There are also a number of studies that report the synchronous finding of LS in the histology of excised malignant and premalignant penile lesions. Velazquez and Cubilla identified synchronous LS in 68 of 207 penile SCC specimens (32.8 %) [18]. Pietrzak et al. identified synchronous LS in 44 of 105 patients with penile SCC or CIS (28 %) [19]. A recent study by Chaux et al. showed the association of LS with differentiated PeIN in 39 of 77 cases (51 %) [20]. Mannweiler investigated the association of LS with 35 patients with differentiated PeIN or HPV and p16^INK4a over-expression negative SCC. 26 (74.3 %) of these patients had synchronous LS [21].
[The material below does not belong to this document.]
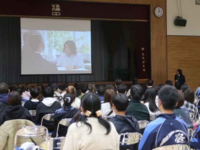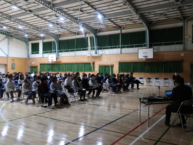 本日の5時間目、2年生の進路説明会が行われました。3つの高校の先生に来校していただき、それぞれの高校の特徴をお話ししていただきました。

Where patients have undergone circumcision for LS, we would advise that the prepuce is always sent for histological analysis to look for differentiated PeIN. Further follow-up depends on the extent of persistent glanular and/or urethral changes. A relatively normal-appearing glans does not require outpatient follow-up, and the patient can be advised to perform regular self-examination. If the glans is particularly inflamed, a period of topical steroid use and follow-up is advised.

Penile cutaneous horn describes a conical, protruding, hyperkeratotic mass usually arising from the glans or coronal sulcus. In most cases, there is a history of chronic inflammation and phimosis. The base of the lesion can show dysplastic changes amounting to differentiated PeIN, and these lesions may also be associated with hyperplastic lichen sclerosus.